Data for the task:
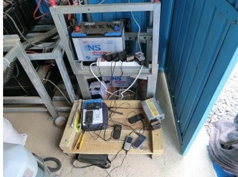
Charging mobile phones with solar power
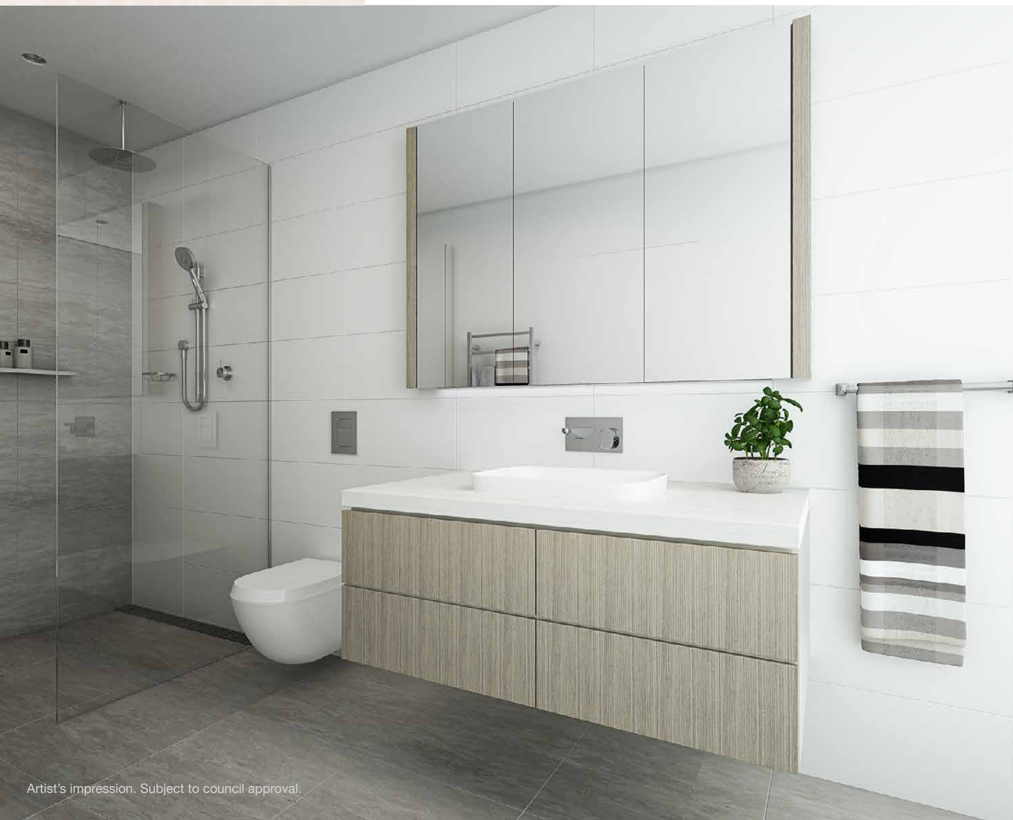
Artist's impression. Subject to council approval.

With meticulous attention to detail and planning, the team pride themselves on creating buildings that make a long term high quality contribution to the urban landscape and provide residents with beautifully designed living spaces, perfectly suited for modern urban living.
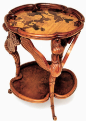
Signed Galle Dragonfly Inlaid French Marquetry Inlaid 2 Tier Table, 1900
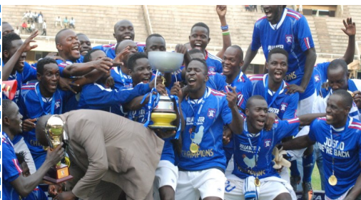
Sc Villa beats KCC 3-0 to lift the FUFA Uganda

Sports Club Villa overcame Kampala City Council
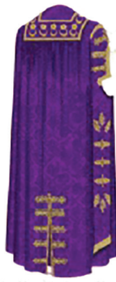
Fig. 34. Chancellor's robe (back).

Requirement:
Pictures are not part of the copy; transcribe the rest of the data verbatim.

Written response:
Charging mobile phones with solar power
Artist's impression. Subject to council approval.

With meticulous attention to detail and planning, the team pride themselves on creating buildings that make a long term high quality contribution to the urban landscape and provide residents with beautifully designed living spaces, perfectly suited for modern urban living.
Signed Galle Dragonfly Inlaid French Marquetry Inlaid 2 Tier Table, 1900
Sc Villa beats KCC 3-0 to lift the FUFA Uganda

Sports Club Villa overcame Kampala City Council
Fig. 34. Chancellor's robe (back).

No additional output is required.